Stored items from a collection
====================

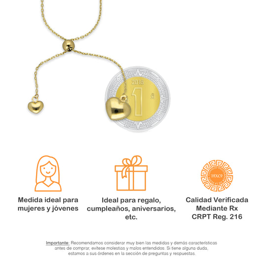 MR10G006 Gargantilla Para Dama Oro Sólido 10K EMF10 Súper Ligera Fantasy Mod Aritos Florentinos Corazón Liso 45 cm
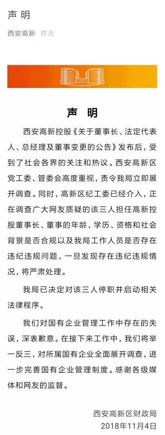但11月4日下午,西安高新区财政局再次发声,表示高新区纪工委已经介入调查,并决定对三人停职并启动法律程序。
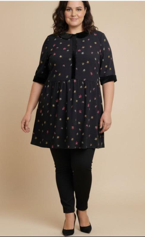Платье туника в идеальном состоянии британского бренда. Красиво смотрится с джинсами, лиггинсами, или отдельно как платье Ткань вискоза, средней плотности, не просвечивается манжеты и воротник бархат Цвет черный с цветными звездами. Застежка спереди на потайные пуговицы в планке Есть нагрудные выставки, по спинке на талии резинка для регулировки ширины Туника бережно выстирана, выглажена, готова к использованию грудь полуширины 59 талия полуширины 49 тянется до 67 бедра свободно длина 91 рукав 35
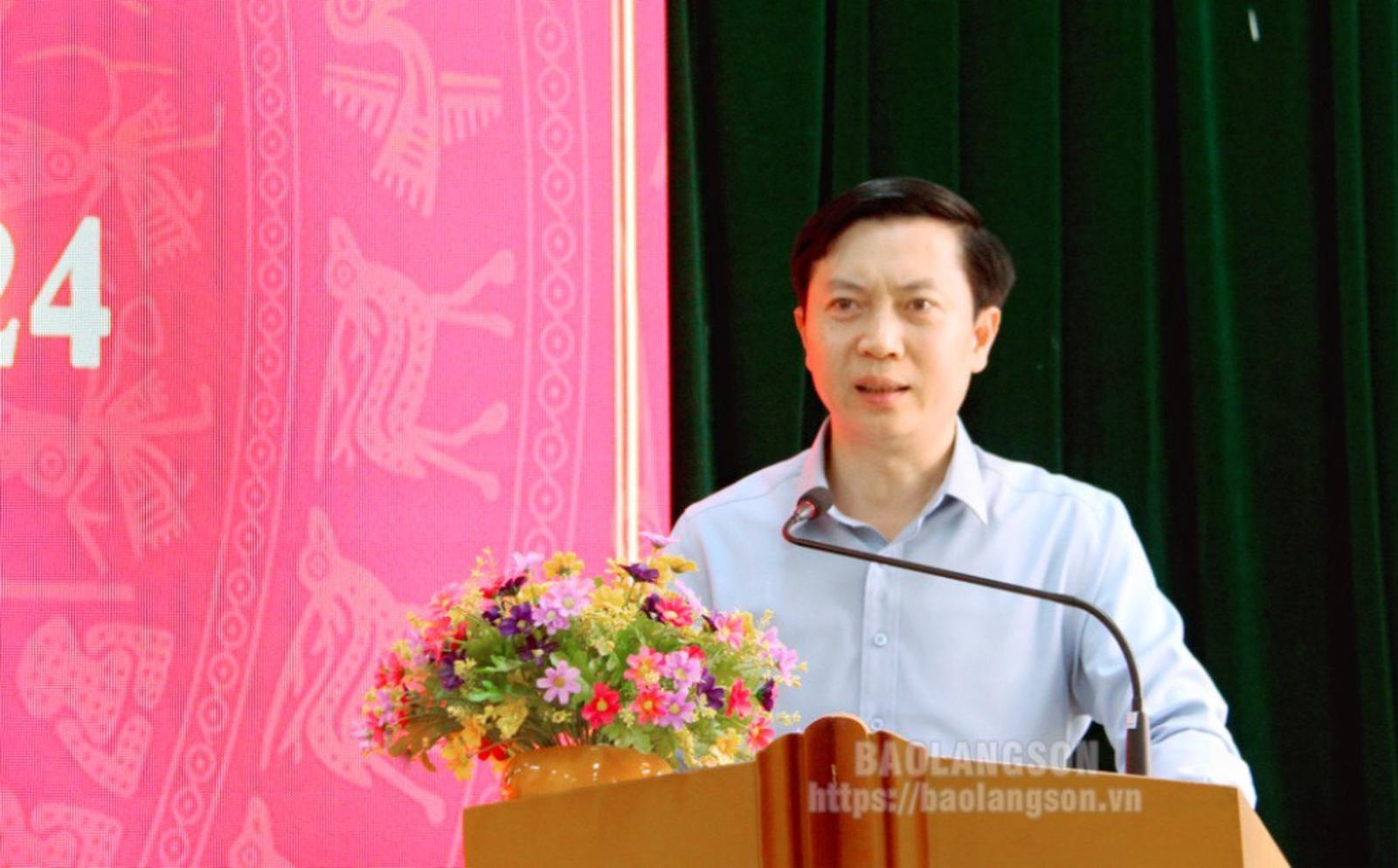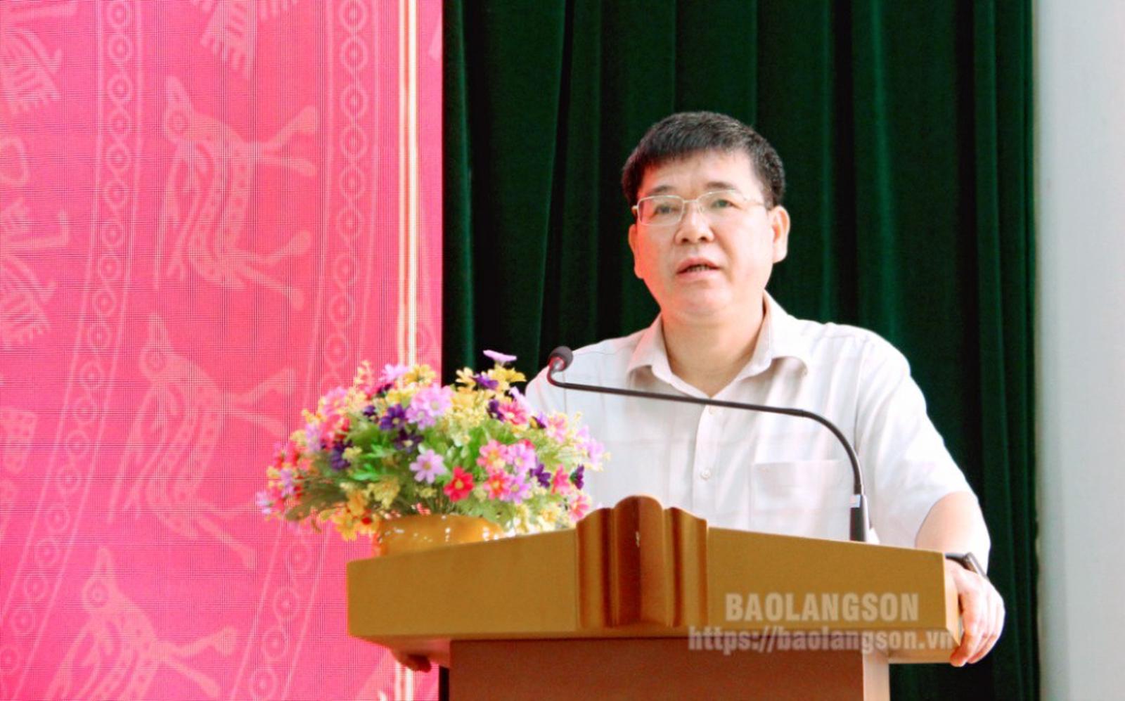 Đồng chí Nguyễn Trọng Sơn, Phó trưởng Ban Tuyên giáo Tỉnh ủy thông tin tình hình thời sự. Ảnh: Baolangson.vn
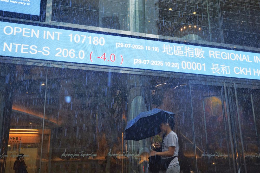 7月29日9时10分,香港天文台发布黑色暴雨警告信号,香港交易所根据2024年起实施的“恶劣天气交易安排”,香港的证券及衍生产品市场按照既定交易日历运作。图为香港中环交易广场的电子信息屏幕在黑色暴雨警告信号生效期间显示交易信息。
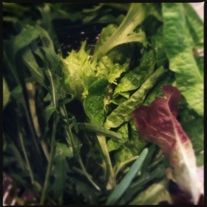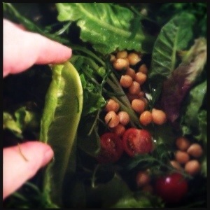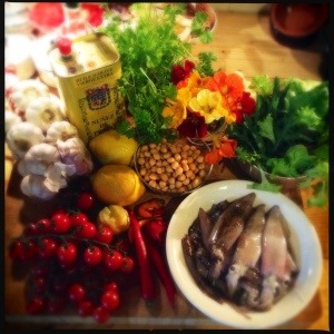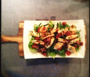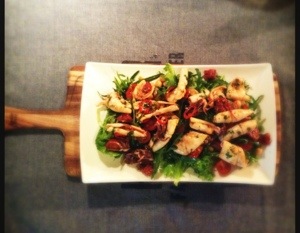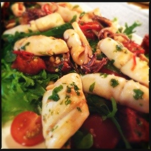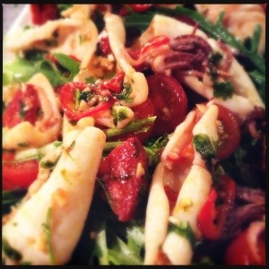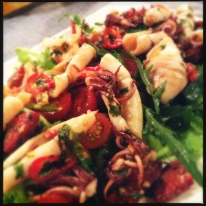 7.Briefly toss the rocket leaves through the chickpea salad and spoon onto 1 large or 4 individual plates. Top with the sautéed squid and chorizo and serve.
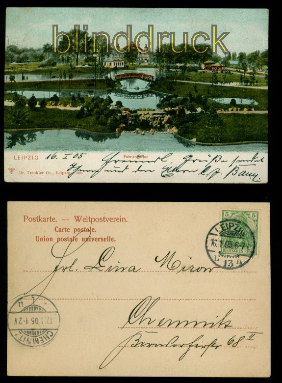 Leipzig farb-AK Palmengarten 1905 nach Chemnitz (d9910)
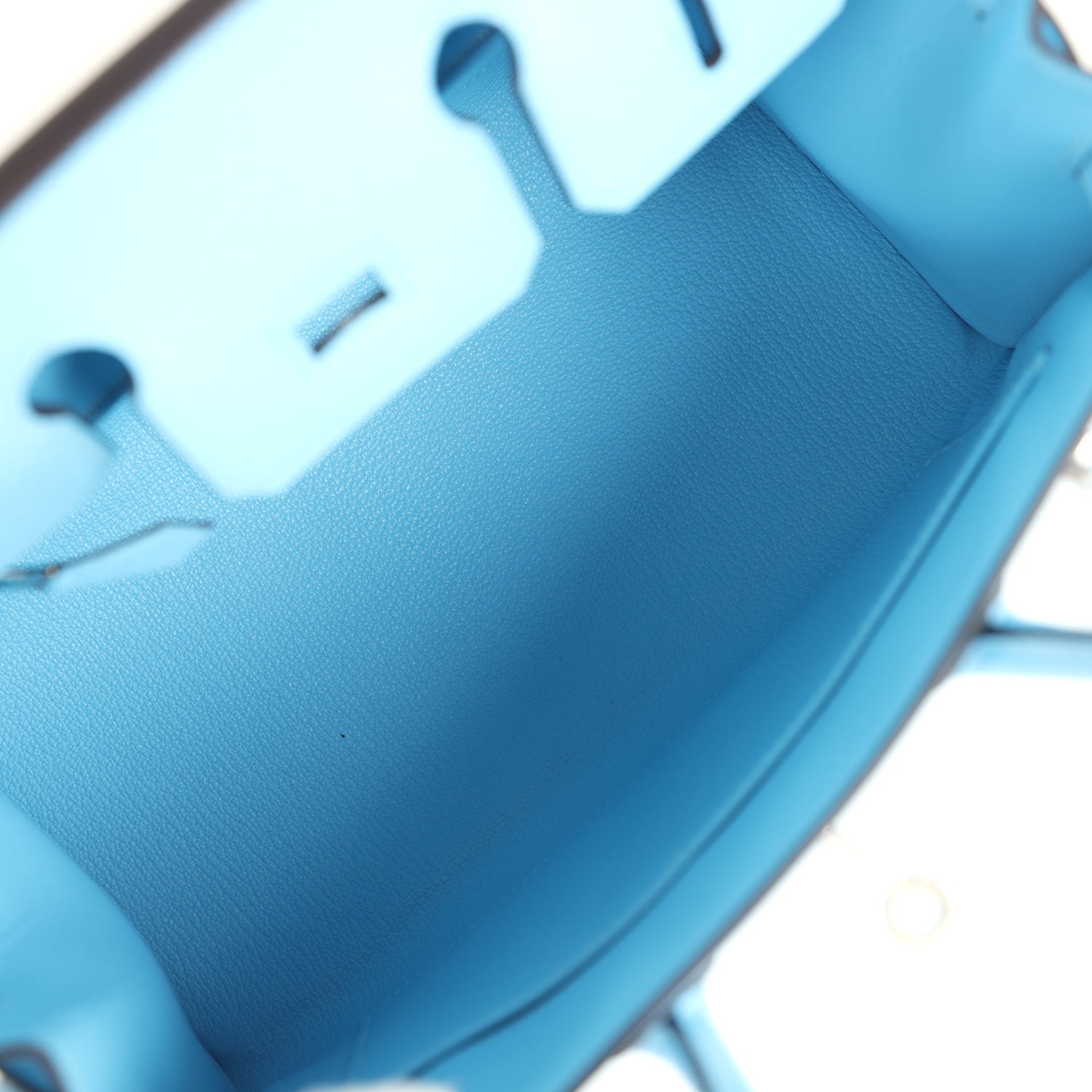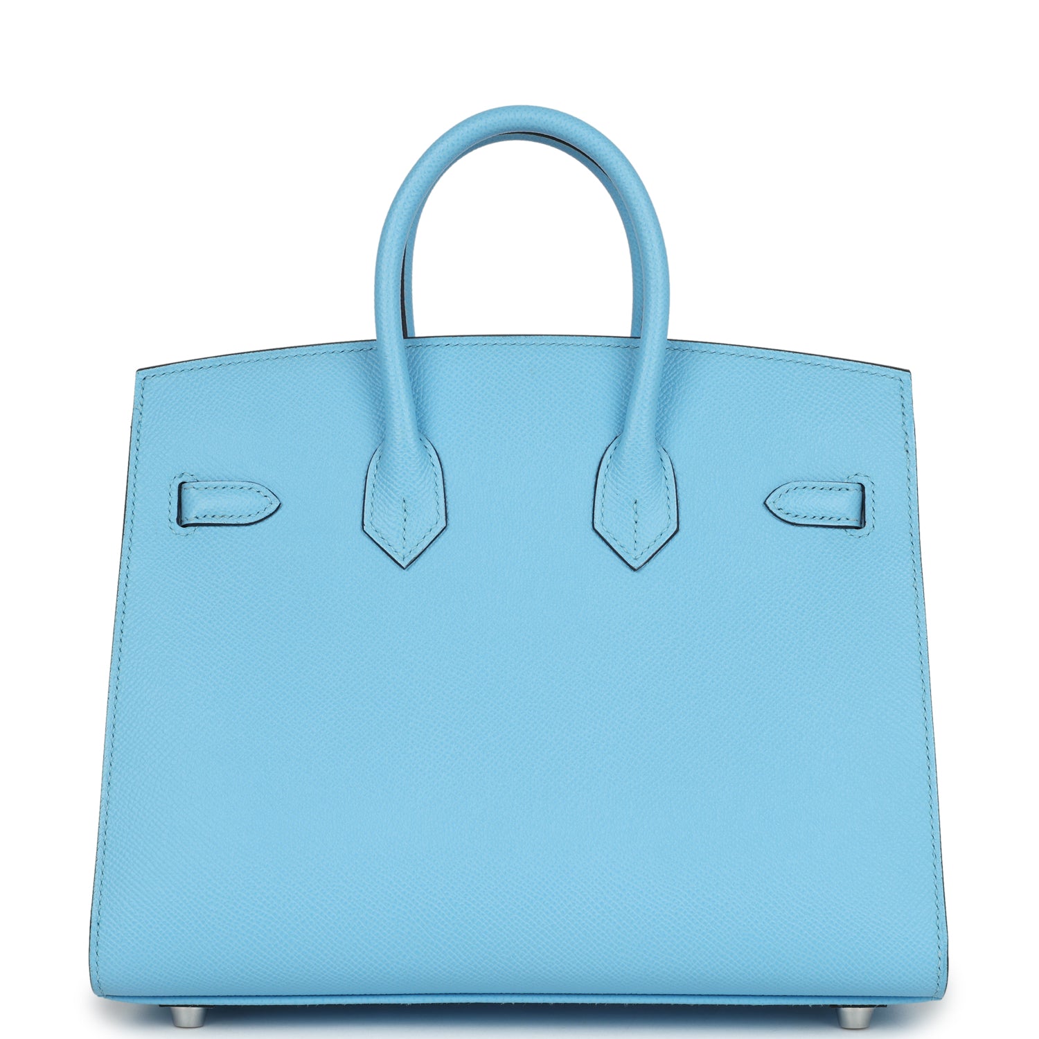 This Birkin. in the Sellier style. is in Celeste epsom leather with palladium hardware. tonal stitching. front flap with two straps. front toggle closure. clochette with lock and two keys. and double rolled handles.
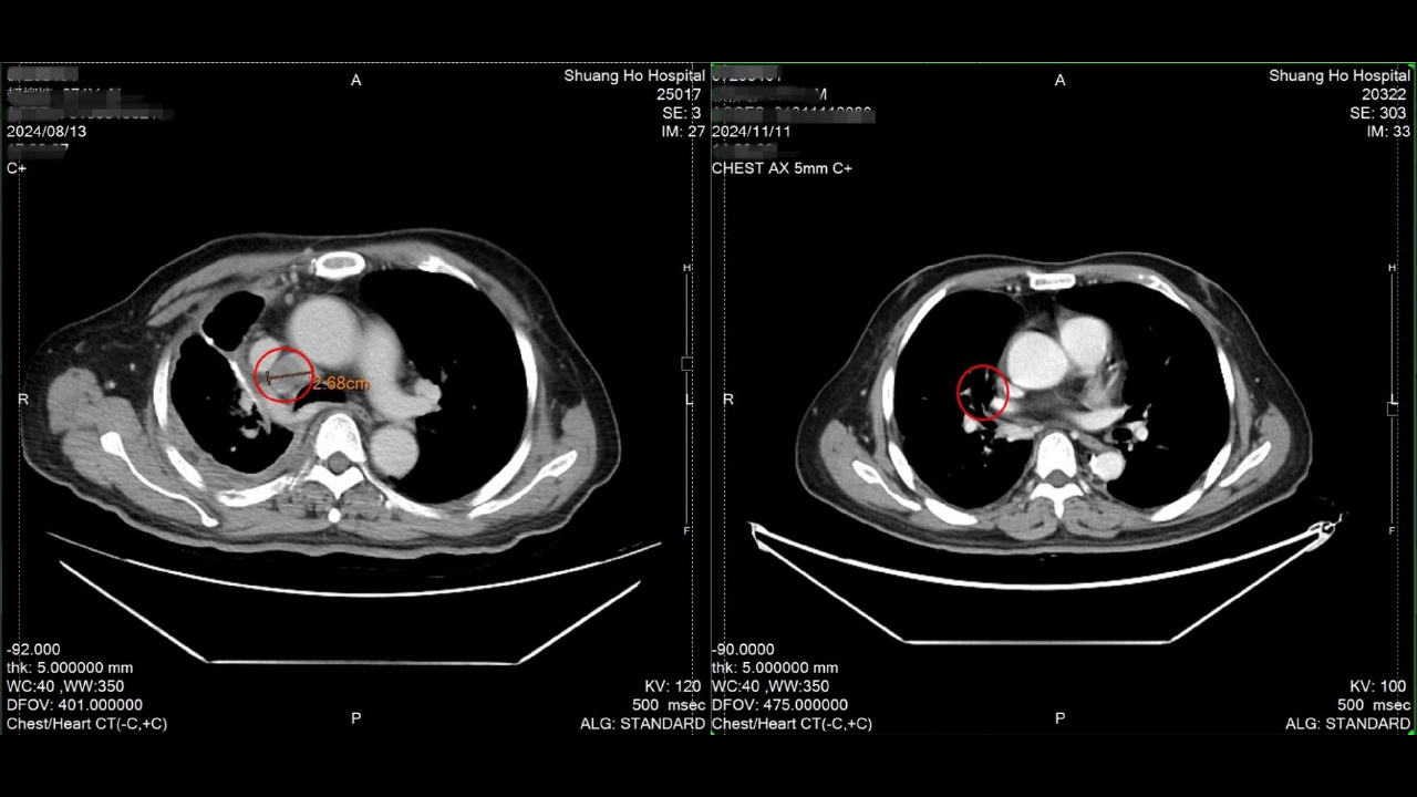 雙和醫院血液腫瘤科主任謝燿宇醫師指出,從治療前的影像檢查中可明顯看到肺部腫瘤持續擴大,除透過基因篩檢找出合適的標靶藥物外,合併搭配每劑間隔兩周,共六劑的DC-CIK細胞回輸治療也是關鍵,後續透過電腦斷層檢查可明顯看到腫瘤縮小,部分腫瘤甚至消失;除療效顯著外,更重要的是幾乎無副作用產生,精神與體力並無影響,未來只需按照醫囑定期回診即可。

====================

Look above for the line with "Платье туника в" and the line with "7月29日9时10分,香港天", then copy them and all lines in between exactly as written, and only those, without any pictures.

Платье туника в идеальном состоянии британского бренда. Красиво смотрится с джинсами, лиггинсами, или отдельно как платье Ткань вискоза, средней плотности, не просвечивается манжеты и воротник бархат Цвет черный с цветными звездами. Застежка спереди на потайные пуговицы в планке Есть нагрудные выставки, по спинке на талии резинка для регулировки ширины Туника бережно выстирана, выглажена, готова к использованию грудь полуширины 59 талия полуширины 49 тянется до 67 бедра свободно длина 91 рукав 35
 Đồng chí Nguyễn Trọng Sơn, Phó trưởng Ban Tuyên giáo Tỉnh ủy thông tin tình hình thời sự. Ảnh: Baolangson.vn
 7月29日9时10分,香港天文台发布黑色暴雨警告信号,香港交易所根据2024年起实施的“恶劣天气交易安排”,香港的证券及衍生产品市场按照既定交易日历运作。图为香港中环交易广场的电子信息屏幕在黑色暴雨警告信号生效期间显示交易信息。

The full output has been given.